Activity:
Reproduce the records below exactly, leaving out any pictures.

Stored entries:
+ + + +
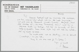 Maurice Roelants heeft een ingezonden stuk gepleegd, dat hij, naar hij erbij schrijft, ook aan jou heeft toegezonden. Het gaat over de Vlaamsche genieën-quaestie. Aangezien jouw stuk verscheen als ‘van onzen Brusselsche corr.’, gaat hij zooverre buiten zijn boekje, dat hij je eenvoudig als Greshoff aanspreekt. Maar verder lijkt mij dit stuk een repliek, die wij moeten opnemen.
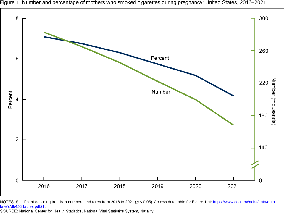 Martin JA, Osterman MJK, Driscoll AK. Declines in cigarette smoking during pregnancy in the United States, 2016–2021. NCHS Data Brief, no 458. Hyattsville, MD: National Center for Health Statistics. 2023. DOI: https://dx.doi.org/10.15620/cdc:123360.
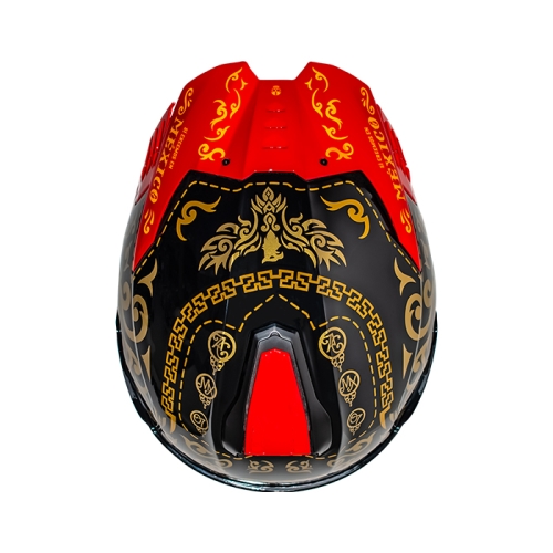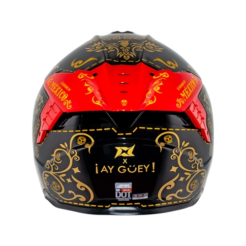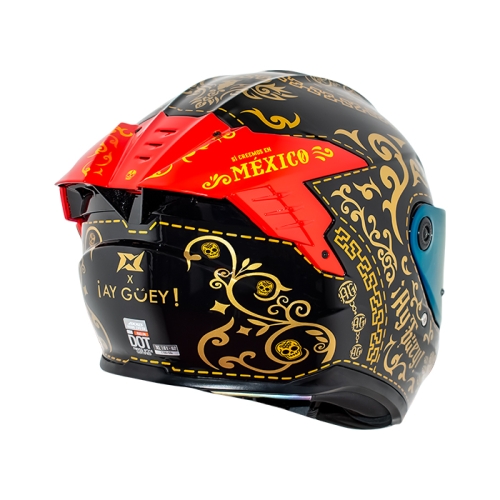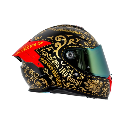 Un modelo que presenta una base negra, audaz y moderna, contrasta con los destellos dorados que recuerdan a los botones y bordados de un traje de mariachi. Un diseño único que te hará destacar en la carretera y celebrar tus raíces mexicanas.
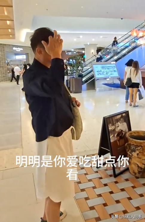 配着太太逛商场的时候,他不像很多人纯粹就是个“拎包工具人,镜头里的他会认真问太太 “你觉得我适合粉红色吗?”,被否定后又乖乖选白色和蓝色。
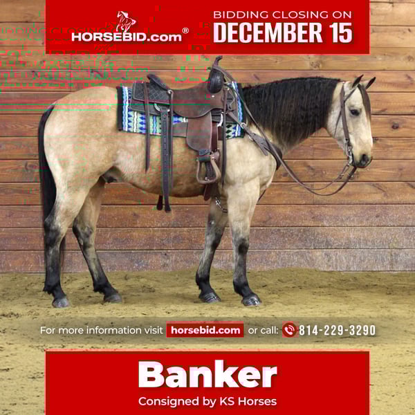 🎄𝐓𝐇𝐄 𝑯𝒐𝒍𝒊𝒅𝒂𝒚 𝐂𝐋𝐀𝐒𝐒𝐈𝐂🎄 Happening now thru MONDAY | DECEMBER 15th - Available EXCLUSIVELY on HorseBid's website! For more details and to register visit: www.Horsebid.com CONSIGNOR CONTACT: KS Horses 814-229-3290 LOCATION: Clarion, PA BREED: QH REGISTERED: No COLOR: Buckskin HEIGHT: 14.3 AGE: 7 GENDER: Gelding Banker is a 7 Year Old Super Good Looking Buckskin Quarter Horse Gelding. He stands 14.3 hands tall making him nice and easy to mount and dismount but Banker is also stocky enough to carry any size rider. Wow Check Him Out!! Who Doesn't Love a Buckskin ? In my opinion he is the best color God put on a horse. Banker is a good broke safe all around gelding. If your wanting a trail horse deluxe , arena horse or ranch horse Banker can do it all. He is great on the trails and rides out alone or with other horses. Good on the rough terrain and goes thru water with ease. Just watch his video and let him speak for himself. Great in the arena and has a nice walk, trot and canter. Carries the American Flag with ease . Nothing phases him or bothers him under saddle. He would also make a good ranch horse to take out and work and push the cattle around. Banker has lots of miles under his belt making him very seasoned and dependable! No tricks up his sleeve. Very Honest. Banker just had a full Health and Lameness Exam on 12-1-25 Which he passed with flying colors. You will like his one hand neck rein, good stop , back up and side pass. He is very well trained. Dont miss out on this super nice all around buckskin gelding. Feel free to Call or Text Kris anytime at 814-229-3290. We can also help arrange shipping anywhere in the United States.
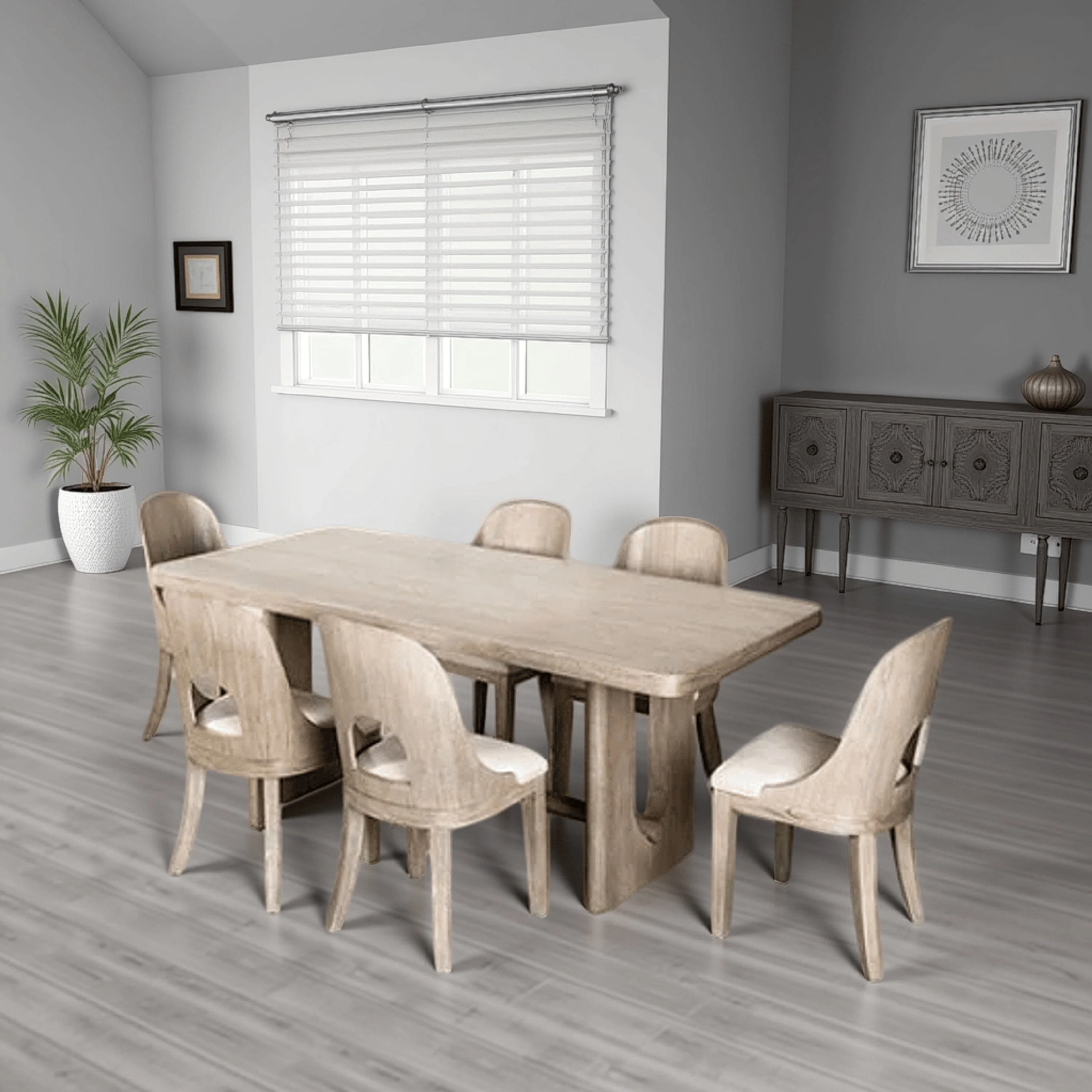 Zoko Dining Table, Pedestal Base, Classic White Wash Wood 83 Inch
+ + + +
Answer space:
 Maurice Roelants heeft een ingezonden stuk gepleegd, dat hij, naar hij erbij schrijft, ook aan jou heeft toegezonden. Het gaat over de Vlaamsche genieën-quaestie. Aangezien jouw stuk verscheen als ‘van onzen Brusselsche corr.’, gaat hij zooverre buiten zijn boekje, dat hij je eenvoudig als Greshoff aanspreekt. Maar verder lijkt mij dit stuk een repliek, die wij moeten opnemen.
 Martin JA, Osterman MJK, Driscoll AK. Declines in cigarette smoking during pregnancy in the United States, 2016–2021. NCHS Data Brief, no 458. Hyattsville, MD: National Center for Health Statistics. 2023. DOI: https://dx.doi.org/10.15620/cdc:123360.
 Un modelo que presenta una base negra, audaz y moderna, contrasta con los destellos dorados que recuerdan a los botones y bordados de un traje de mariachi. Un diseño único que te hará destacar en la carretera y celebrar tus raíces mexicanas.
 配着太太逛商场的时候,他不像很多人纯粹就是个“拎包工具人,镜头里的他会认真问太太 “你觉得我适合粉红色吗?”,被否定后又乖乖选白色和蓝色。
 🎄𝐓𝐇𝐄 𝑯𝒐𝒍𝒊𝒅𝒂𝒚 𝐂𝐋𝐀𝐒𝐒𝐈𝐂🎄 Happening now thru MONDAY | DECEMBER 15th - Available EXCLUSIVELY on HorseBid's website! For more details and to register visit: www.Horsebid.com CONSIGNOR CONTACT: KS Horses 814-229-3290 LOCATION: Clarion, PA BREED: QH REGISTERED: No COLOR: Buckskin HEIGHT: 14.3 AGE: 7 GENDER: Gelding Banker is a 7 Year Old Super Good Looking Buckskin Quarter Horse Gelding. He stands 14.3 hands tall making him nice and easy to mount and dismount but Banker is also stocky enough to carry any size rider. Wow Check Him Out!! Who Doesn't Love a Buckskin ? In my opinion he is the best color God put on a horse. Banker is a good broke safe all around gelding. If your wanting a trail horse deluxe , arena horse or ranch horse Banker can do it all. He is great on the trails and rides out alone or with other horses. Good on the rough terrain and goes thru water with ease. Just watch his video and let him speak for himself. Great in the arena and has a nice walk, trot and canter. Carries the American Flag with ease . Nothing phases him or bothers him under saddle. He would also make a good ranch horse to take out and work and push the cattle around. Banker has lots of miles under his belt making him very seasoned and dependable! No tricks up his sleeve. Very Honest. Banker just had a full Health and Lameness Exam on 12-1-25 Which he passed with flying colors. You will like his one hand neck rein, good stop , back up and side pass. He is very well trained. Dont miss out on this super nice all around buckskin gelding. Feel free to Call or Text Kris anytime at 814-229-3290. We can also help arrange shipping anywhere in the United States.
 Zoko Dining Table, Pedestal Base, Classic White Wash Wood 83 Inch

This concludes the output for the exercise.